Restate word for word the section of the entries that opens at the line containing "Adjustable Peg 8mm" and closes at the line containing "Впрочем, оставаясь верным", both lines kept, pictures dropped.

**** DATA PROVIDED ****

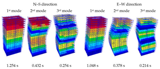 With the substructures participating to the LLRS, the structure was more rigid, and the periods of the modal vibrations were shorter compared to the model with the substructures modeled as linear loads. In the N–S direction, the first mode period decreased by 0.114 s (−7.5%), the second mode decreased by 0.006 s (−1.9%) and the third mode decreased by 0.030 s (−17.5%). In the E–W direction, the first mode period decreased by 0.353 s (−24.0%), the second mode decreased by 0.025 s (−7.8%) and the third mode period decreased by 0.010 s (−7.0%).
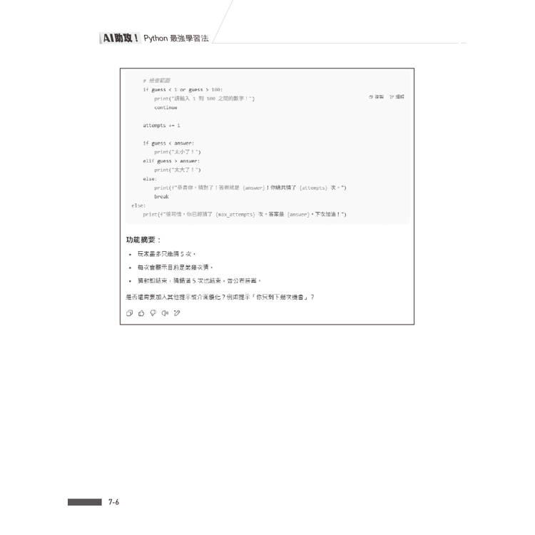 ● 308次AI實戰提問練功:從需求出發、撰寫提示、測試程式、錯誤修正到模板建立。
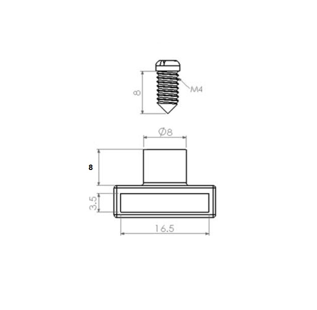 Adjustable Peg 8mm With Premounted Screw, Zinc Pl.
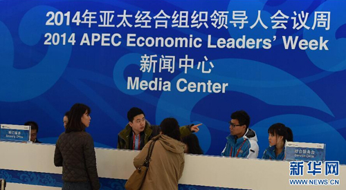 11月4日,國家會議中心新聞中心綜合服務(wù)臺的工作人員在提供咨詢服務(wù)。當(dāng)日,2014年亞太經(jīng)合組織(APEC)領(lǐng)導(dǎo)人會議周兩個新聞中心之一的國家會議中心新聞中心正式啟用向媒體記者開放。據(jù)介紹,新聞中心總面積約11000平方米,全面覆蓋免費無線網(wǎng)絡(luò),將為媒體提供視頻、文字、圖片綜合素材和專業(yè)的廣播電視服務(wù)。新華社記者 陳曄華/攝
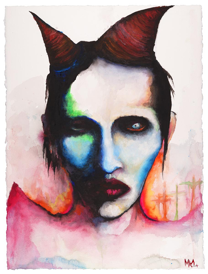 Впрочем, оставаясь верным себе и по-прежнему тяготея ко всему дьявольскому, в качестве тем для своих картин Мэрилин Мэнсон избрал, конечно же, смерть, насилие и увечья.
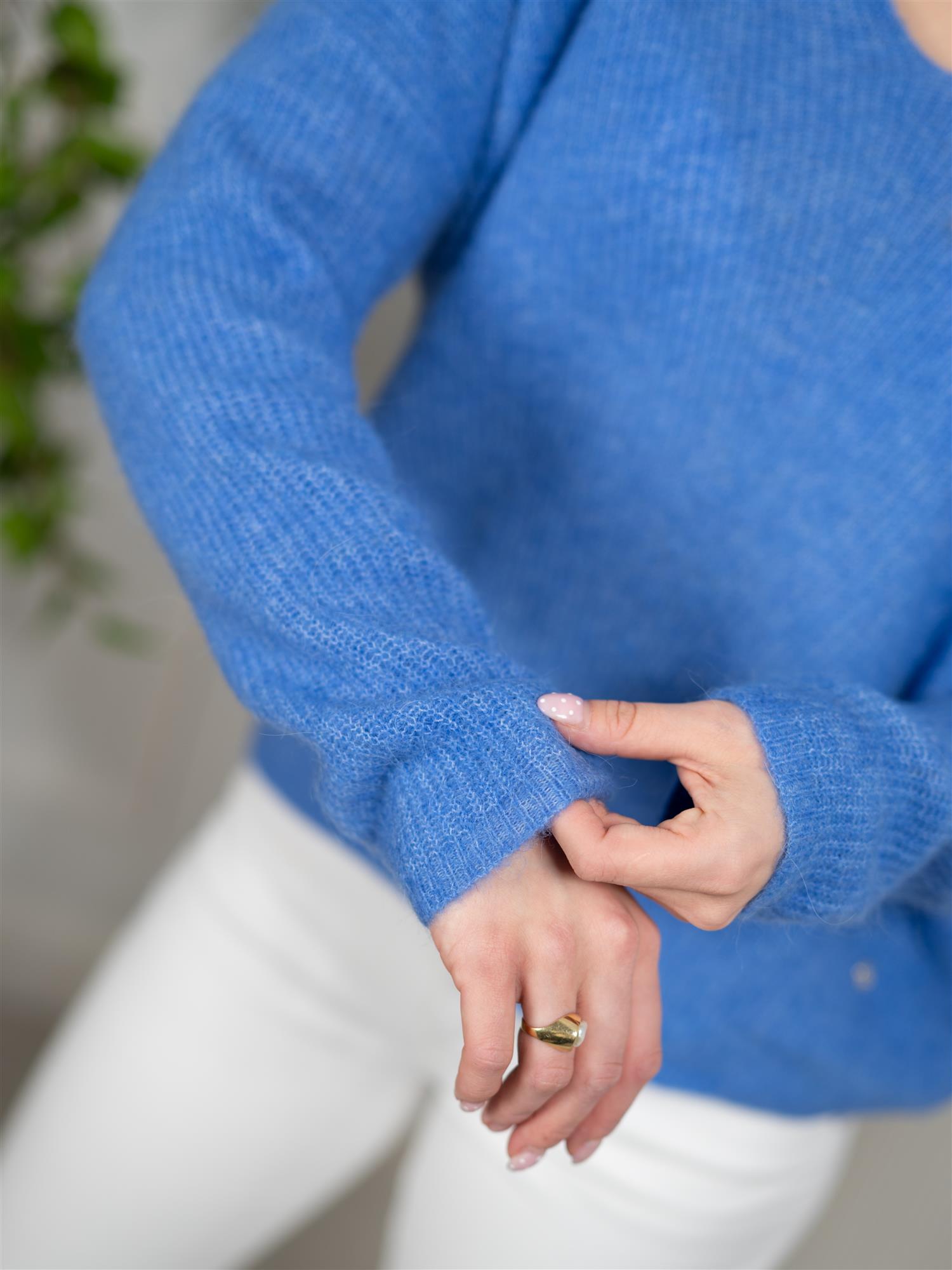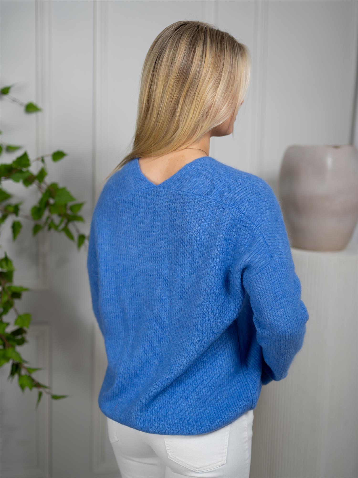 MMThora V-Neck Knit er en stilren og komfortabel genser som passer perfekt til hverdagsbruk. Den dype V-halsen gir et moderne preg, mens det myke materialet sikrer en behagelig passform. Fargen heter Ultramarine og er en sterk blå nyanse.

****

COMPLETED TASK:
 Adjustable Peg 8mm With Premounted Screw, Zinc Pl.
 11月4日,國家會議中心新聞中心綜合服務(wù)臺的工作人員在提供咨詢服務(wù)。當(dāng)日,2014年亞太經(jīng)合組織(APEC)領(lǐng)導(dǎo)人會議周兩個新聞中心之一的國家會議中心新聞中心正式啟用向媒體記者開放。據(jù)介紹,新聞中心總面積約11000平方米,全面覆蓋免費無線網(wǎng)絡(luò),將為媒體提供視頻、文字、圖片綜合素材和專業(yè)的廣播電視服務(wù)。新華社記者 陳曄華/攝
 Впрочем, оставаясь верным себе и по-прежнему тяготея ко всему дьявольскому, в качестве тем для своих картин Мэрилин Мэнсон избрал, конечно же, смерть, насилие и увечья.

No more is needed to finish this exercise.